Instructions to follow:
Your copy of the entries below should hold exactly the lines from the one containing "A queda no índice" to the one containing "Москва. 20 ноября.", inclusive, and no pictures.

Raw data:
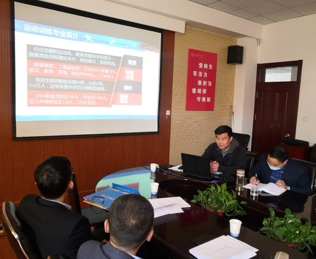 根据专业评估现场考察工作要求,运动训练专业负责人高博从专业定位与建设规划、团队队伍及教学水平、教学建设及教学效果、教学管理、专业特色、问题及措施等方面向专家组进行了汇报。汇报结束后,专家根据在审阅自评报告中发现的问题和通过听汇报需要进一步确定的问题做了针对性的提问和交流。
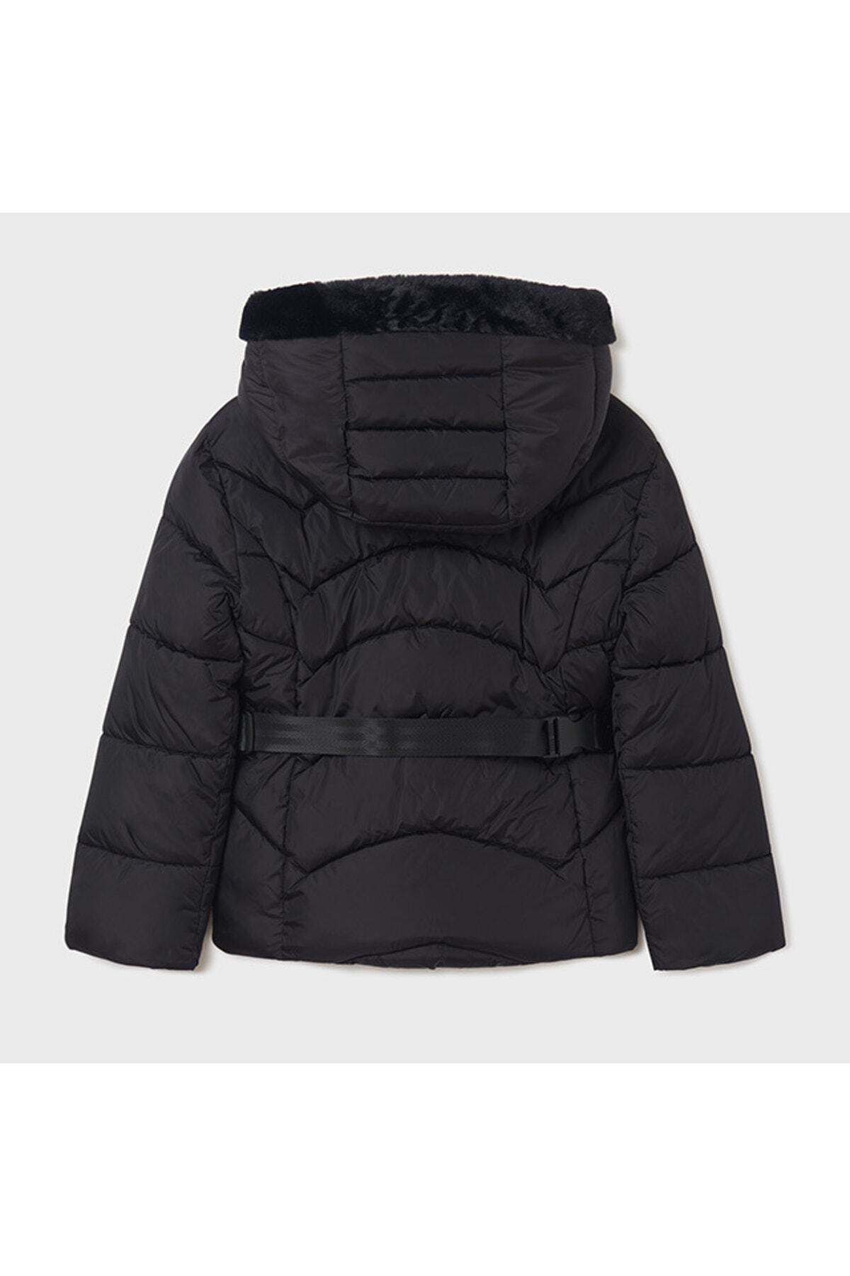 خرید اینترنتی پالتو دخترانه کلاه دار مشکی با کمر خزدار و کیف L23k7489 برند مایورال Mayoral اورجینال از likakids نمایندگی ترکیه
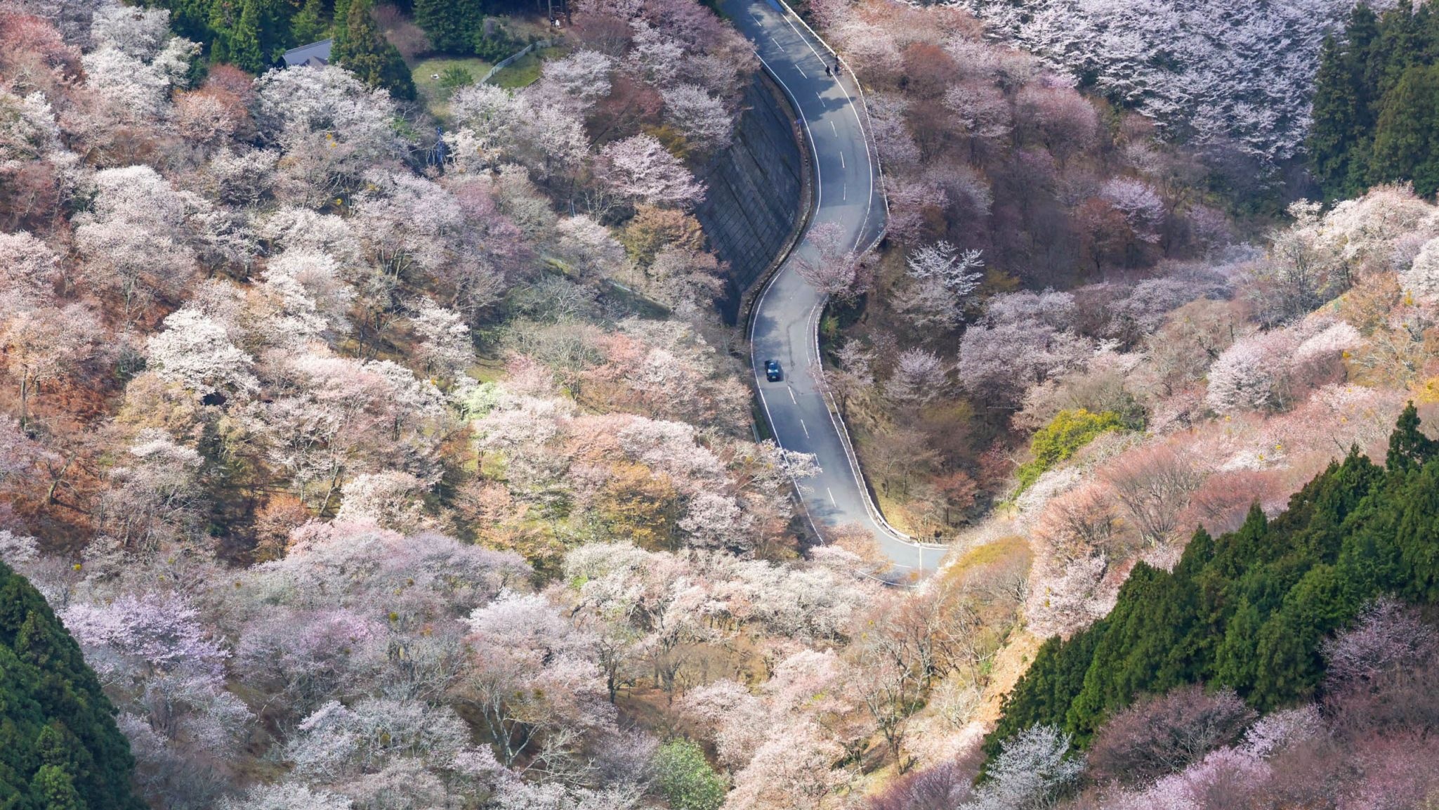 Trên núi Yoshino thuộc tỉnh Nara, sắc hoa trải dài phủ lên sườn núi ngày 2/4. Ảnh: Kyodo.
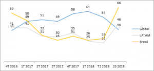 A queda no índice de otimismo global é impulsionada pela incerteza econômica, com um pico de 50%, um aumento de 22% em relação ao segundo trimestre de 2018. Esse aumento pode ser parcialmente atribuído a tensões geopolíticas como a guerra comercial entre EUA e a China. Apesar da desaceleração do crescimento do PIB para muitas economias avançadas, as emergentes Ásia Pacifica e a América Latina, em geral, vêm resistindo a essas incertezas.
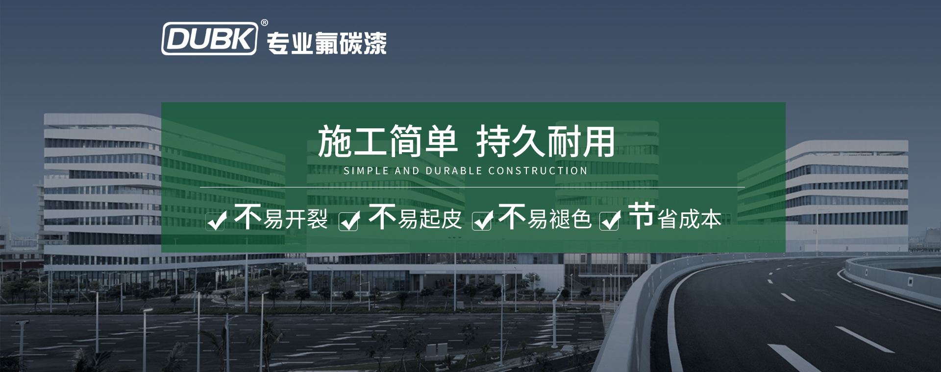 Dubk·杜比克氟碳漆成立多年來秉承“超耐用,施工簡單,貼心價位”的經營理念,已為國內外數萬家工程公司完成了外墻、鋼結構及橋梁、隧道、城市改造的高標準氟碳漆應用,得到了客戶的肯定!
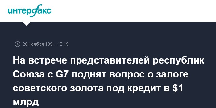 Москва. 20 ноября. ИНТЕРФАКС. Главная проблема, которая обсуждалась в среду на встрече глав правительств 8-ми суверенных республик с заместителями министра финансов семи наиболее развитых стран - это вопрос о залоге 104 тонн из золотого запаса СССР под кредит в 1 млрд долл. со стороны Запада для покрытия срочных платежей Союза зарубежным кредиторам. Об этом заявил участвующий в переговорах постоянный представитель правительства Беларуси Виктор Даниленко в интервью "Интерфаксу".
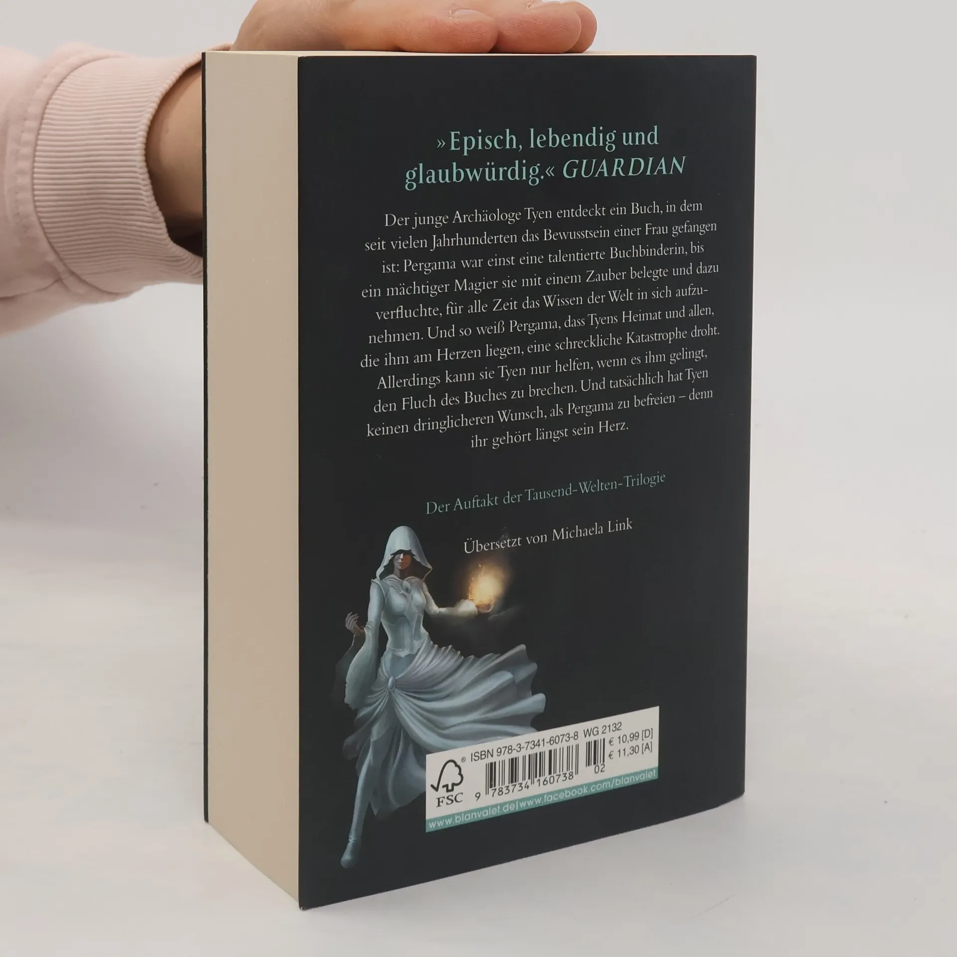 Der junge Archäologe Tyen entdeckt ein magisches Buch, in dem seit vielen Jahrhunderten das Bewusstsein einer Frau gefangen ist: Pergama war einst eine talentierte Buchbinderin, bis ein mächtiger Magier sie mit einem Zauber belegte und dazu verfluchte, für alle Zeit das Wissen der Welt in sich aufzunehmen. Und so weiß Pergama, dass Tyens Heimat und allen, die ihm am Herzen liegen, eine schreckliche Katastrophe droht. Allerdings kann sie Tyen nur helfen, wenn es ihm gelingt, den Fluch des Buches zu brechen. Und tatsächlich hat Tyen keinen dringlicheren Wunsch, als Pergama zu befreien – denn ihr gehört längst sein Herz.
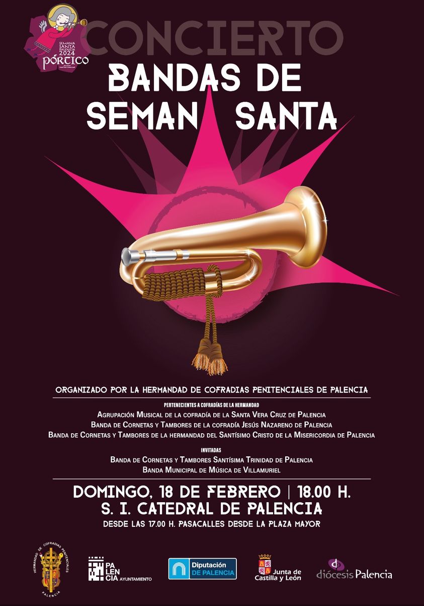 Mañana domingo, 18 de febrero del 2024 a las 18:00h, en la Santa Iglesia Catedral de Palencia, la Agrupación Musical de la Santa Vera Cruz, participará en el concierto “Bandas de Semana Santa”, organizado por la Hermandad de Cofradías de Palencia.

Response:
 A queda no índice de otimismo global é impulsionada pela incerteza econômica, com um pico de 50%, um aumento de 22% em relação ao segundo trimestre de 2018. Esse aumento pode ser parcialmente atribuído a tensões geopolíticas como a guerra comercial entre EUA e a China. Apesar da desaceleração do crescimento do PIB para muitas economias avançadas, as emergentes Ásia Pacifica e a América Latina, em geral, vêm resistindo a essas incertezas.
 Dubk·杜比克氟碳漆成立多年來秉承“超耐用,施工簡單,貼心價位”的經營理念,已為國內外數萬家工程公司完成了外墻、鋼結構及橋梁、隧道、城市改造的高標準氟碳漆應用,得到了客戶的肯定!
 Москва. 20 ноября. ИНТЕРФАКС. Главная проблема, которая обсуждалась в среду на встрече глав правительств 8-ми суверенных республик с заместителями министра финансов семи наиболее развитых стран - это вопрос о залоге 104 тонн из золотого запаса СССР под кредит в 1 млрд долл. со стороны Запада для покрытия срочных платежей Союза зарубежным кредиторам. Об этом заявил участвующий в переговорах постоянный представитель правительства Беларуси Виктор Даниленко в интервью "Интерфаксу".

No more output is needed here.